The Precious Radio Spectrum


IEEE Spectrum Magazine, Sept. 2001


 As a youth reading about the history of radio propagation, I always liked the idea of the “ether”.  It was comforting to imagine that there was some mysterious substance throughout space that supported radio wave propagation.  I would watch the water ripple when I threw a rock into a pond, and I would have some understanding of how it must be with this substance they called the ether.  I had a hard time getting used to the fact that radio signals propagate through empty space.  What a miracle it is that we can speak and send signals through nothingness!

As I write, I’m looking out a window at the blue sky above and thinking about what a lot of empty space there is.  Surely there is enough for everyone.  I sometimes imagine how Marconi must have felt when his coherer detected the first pulses from the spark transmitter across the hill.  The possibilities were infinite; a whole new universe had been opened for mankind.

Immediately following Marconi’s experiments there was a decade at the beginning of the last century when any amateur could build a spark transmitter and get on the air, blasting radiation across the whole radio frequency band.  In 1911 there were an estimated 10,000 radio amateurs in the country and thousands of stations on the air.  But the end of that radio anarchy was precipitated the night of April 14th, 1912 when the Titanic sunk.  Hundreds of lives were saved because the sister ship Carpathia received the radioed SOS from the sinking Titanic.  On the other hand, hundreds of lives were lost because the radio operator in the nearest ship, the Californian, had gone to bed.  Within a month, a bill was introduced into the US Congress to regulate the use of the radio frequency spectrum.  Maybe, after all, there wasn’t enough for everyone.

Now I’m still looking at that blue sky above and thinking how full it must be of radio waves.  If we could see those waves, like some kind of laser show, then the sky would be brilliantly lit with a rainbow of bright colors.  It seems as if in that vastness of space there is almost no capacity left, and what little there is has become extraordinarily precious.

Last year when the European nations auctioned off the spectrum for the third generation wireless (3G) spectrum, the auctions brought about $190B.  The governments exulted in having raised such incredible amounts, but the carriers who bid these prices were saddled with huge debts.  In the UK the companies who bought the 3G spectrum paid enough money to have put a fiber into every home in the country  -- and all they got was the right to use this spectrum.  Which would you rather have – a broadband fiber into your home or a tax on the use of wireless devices?  Such was the bizarre consequence of the auction rules, the 3G hype, and the market bubble that preceded the auctions.

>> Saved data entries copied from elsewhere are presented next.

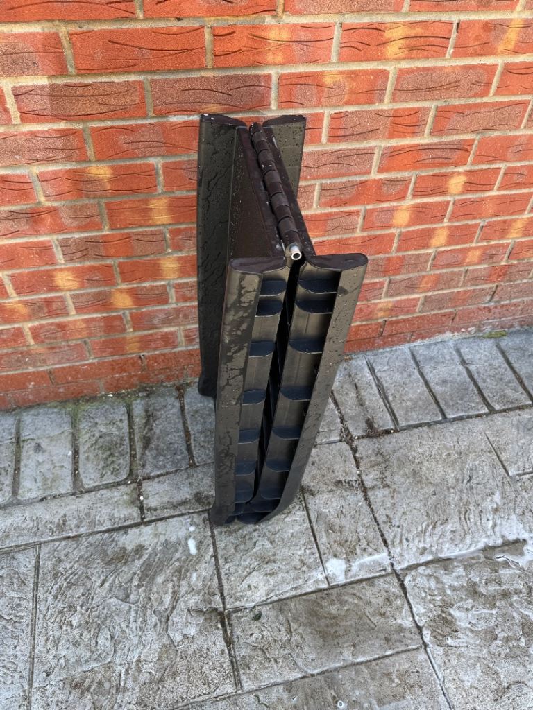 Ramp for helping pets into and out of the car and also used for anything similar. It is approx 5 ft long and 14 in wide, it folds in the middle and has a carry strap. It is new but has a few scratch marks when our old dog tried it froze and slid down it and won’t go near it
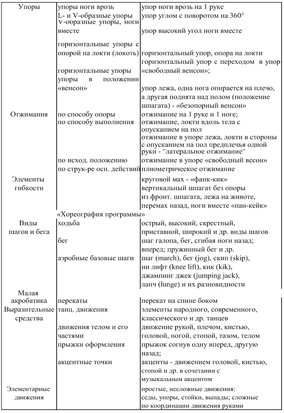 Для более эффективного использования карты нами был разработан перечень элементов, движений и действий, который тренер может использовать при работе над соревновательными упражнениями. Этот перечень не является исчерпывающим, а служит попыткой систематизировать все движения и действия соревновательного упражнения солистов в спортивной аэробике и может помочь начинающим специалистам в реализации своих педагогических творческих способностей.
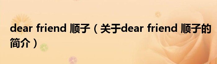 本文關于dear friend 順子的簡介就講解完畢,希望對大家有所幫助。
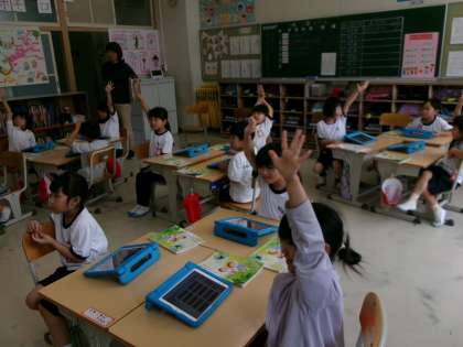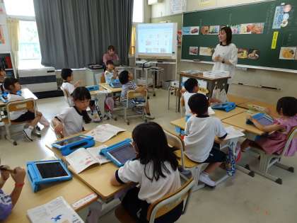 1年1組は国語の時間に教科書にある「たべもの」の詩を読み、自分たちのオリジナルの言葉遊び歌作りに取り組みました。学習用タブレットのスカイメニューに文字や写真を入力し、「がたんごとん でんしゃ」「ねばねば なっとう」など、工夫して楽しい言葉遊び歌を作っていました。
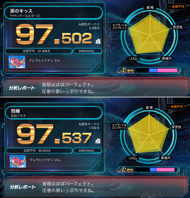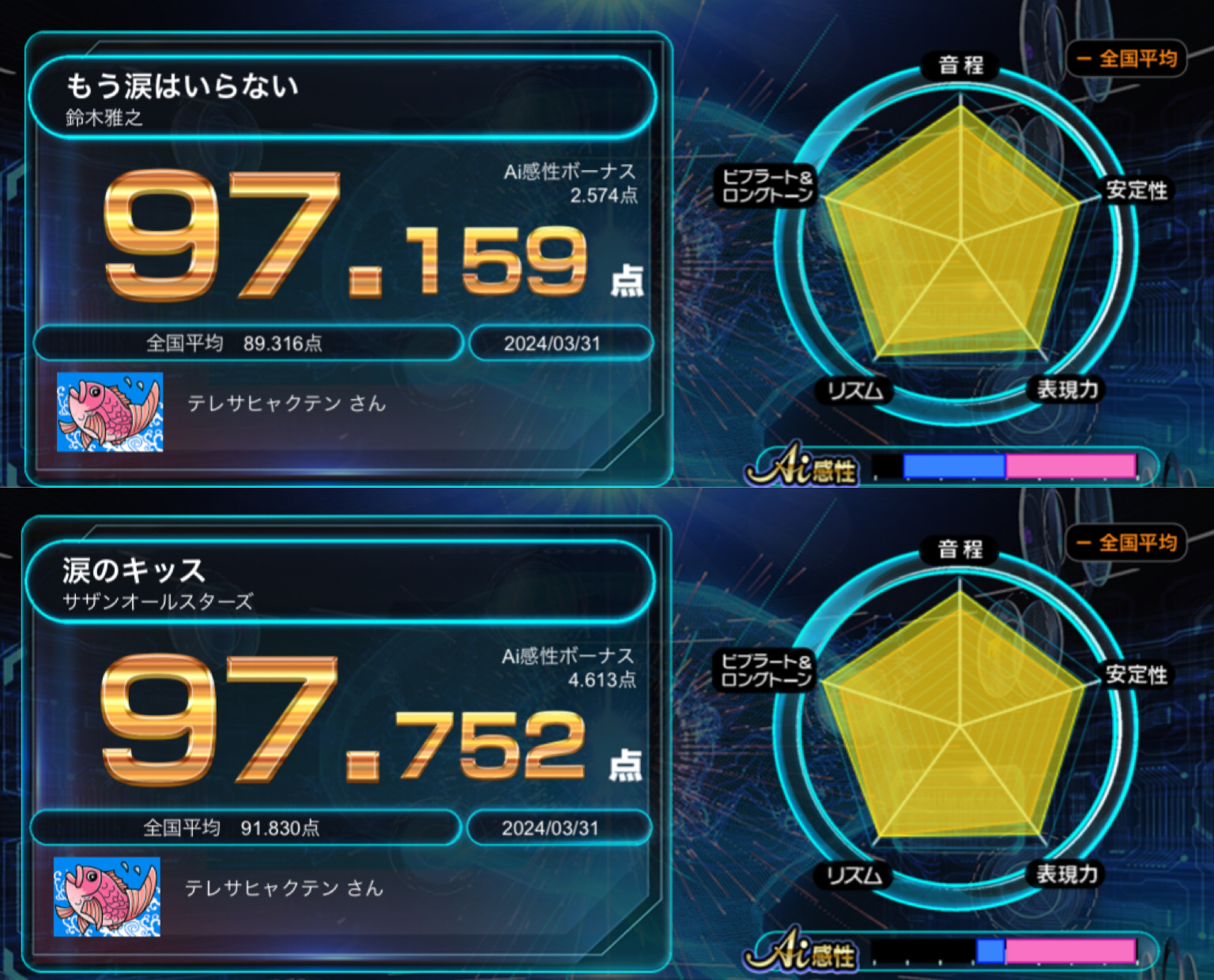 今週は追悼歌唱で忙しそうですね。そこそこ上手い点数を取って成仏させたい。

Meanwhile, engineers have been designing more efficient methods for the wireless transmission of information.  New algorithms for signal processing and the inevitable progress in electronics dictated by Moore’s Law have opened up the possibility of orders of magnitude improvement in efficiency.  Some people are even saying that the wireless capacity is actually infinite, and that there is no reason for regulation at all.

Among the new technologies are adaptive antennas and the concept of space-to-space transmission, where only a narrow corridor of that empty space is occupied.  Then there is the array processing of multipath signals, where all of the echoes of all the signals present are collected and optimally disentangled in space and time.  Another technique uses successive interference cancellation, detecting and then subtracting out potentially interfering signals.

While all of these signal processing algorithms promise much greater utilization of the radio spectrum, probably the most revolutionary concept is packet relay, in which each wireless device cooperatively forwards packets received from its neighbors toward their intended destinations.  Much research has been done on these so-called ad hoc networks.  Interestingly, such networks scale to infinite capacity; as the density of devices increases, each device lowers its transmitted power accordingly.  While 3G moves ponderously forward, a quiet revolution is happening around IEEE 802.11, the wireless packet standard.

But all this technology is theory, not practice.  In practice the spectrum is full of legacy devices, blasting energy in the old ways over spectrum bought and owned by watchful tenants.  After paying billions for the right to use a small slice of spectrum, owners are unlikely to embrace new invaders with non-standard formats.  The problem with spectrum is that we gave most of it away and then sold the rest.

So is wireless capacity extremely limited and expensive, or is it infinite and free?  And how do we get from here to there?